Article

Servants of Freedom

Rick Ritchie
Thursday, July 5th 2007
Mar/Apr 2000

Martin Luther's treatise The Freedom of the Christian is a wonderful starting point for reading the reformer's works. (1) It was written in 1520, three years after the posting of the "95 Theses," and at a time when the differences between Luther's new theology and Roman dogma had clearly become fundamental. Yet while many of Luther's writings at the time were polemical to refute Roman error, this treatise was unique in being the first real positive exposition of the new evangelical theology. It was also unusual for its irenic tone. In it we can see what Luther was for and not merely what he was against. The position about Christian liberty proves to be robust, coherent, and grounded in the Scriptures.

It is helpful to look at this treatise to see the nature of early Protestantism. By comparing it to Roman writings of the period, we can see how the treatise taught a new way of reading Scripture. Both sides in the debates of the day knew how to marshal proof texts. It might surprise a modern reader to see how many texts the Roman doctrine could produce to support its positions. While these are not the half-verse quotations of today's cultists, cited out of context, they are still the product of a more cursory reading of the texts than that practiced by Luther. The Roman readings would in many cases be quite plausible were it not for the existence of a broader context of Scriptures that put these texts in a different light. Luther's genius was not that he could find texts here or there to support his new theology but that his new theology was the product of a different way of reading Scripture.

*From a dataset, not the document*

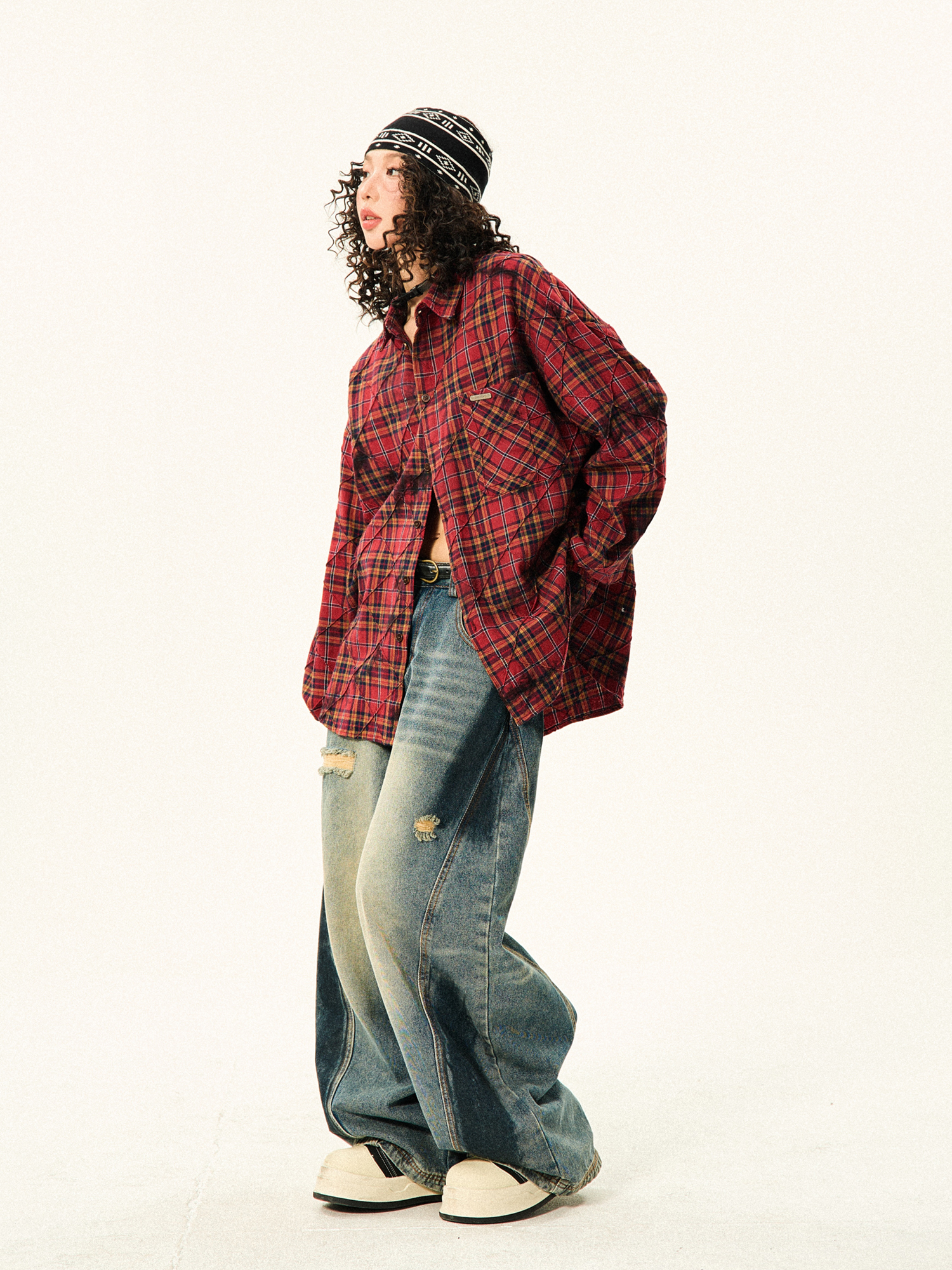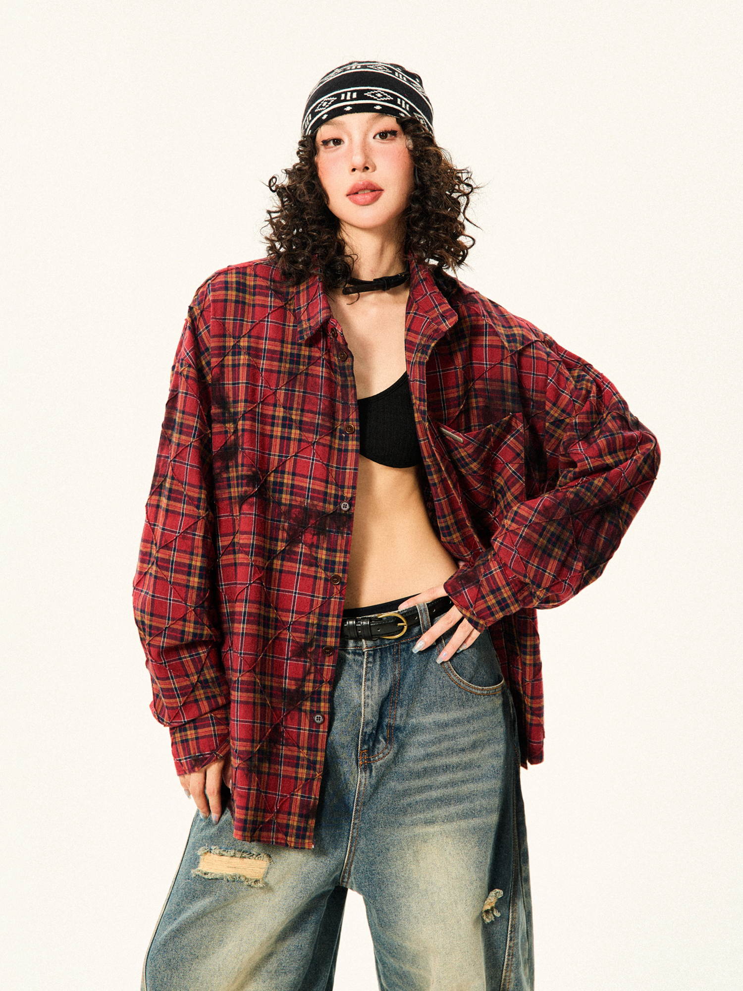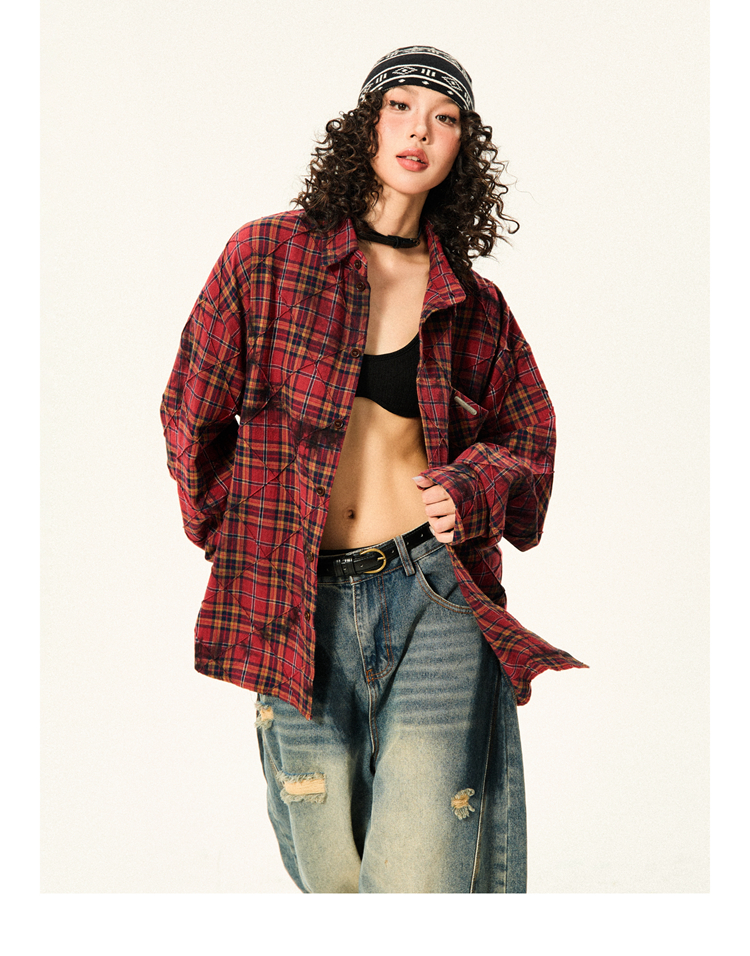 Vintage Red Plaid Long Sleeve Shirt: Perfect Concert Outfit for Autumn

Some Texts Are More Equal than Others

One of the chief charges against the Reformation was that the doctrine of private interpretation did not lead to uniform belief. How could the Scriptures be a sufficient rule of faith if people could not agree upon what it taught? I do not intend to offer an exhaustive answer to this question but wish to point out how some of Luther's often overlooked insights can be used to explain some of the causes of misunderstanding. It will help to use an example from another area of life. When I was in the fourth grade, I was exposed to some innovative curriculum to teach critical thinking. One of the lessons contained the following directions. The page listed something similar to the following:

Directions:
Read all instructions before you begin.
1. Draw a box.
2. Inside the box, draw a picture of a pig.
3. Next to the pig, write "This is me."
4. Ignore the first three directions, and write "Ha Ha" on the paper.

At the end of this exercise, not everybody's paper looked the same. Some kids had pigs with "This is me" written next to them. Many crossed this out afterward when they saw that they had been tricked. Others had "Ha Ha" written on their papers, and were saying the same to their less fortunate classmates. I was usually pretty bad at following directions but had looked at the exercise as a puzzle and had solved it correctly. And yes, I gloated.

Now this classroom set of directions is a lot shorter than the Bible, yet even in this exercise we had differences in results. What was the problem? The problem was that some of the "texts" determined the meaning of other "texts." Directions one through three were overridden by direction four; students would realize this only if they followed the unnumbered instruction at the top, which said to "Read all instructions before you begin."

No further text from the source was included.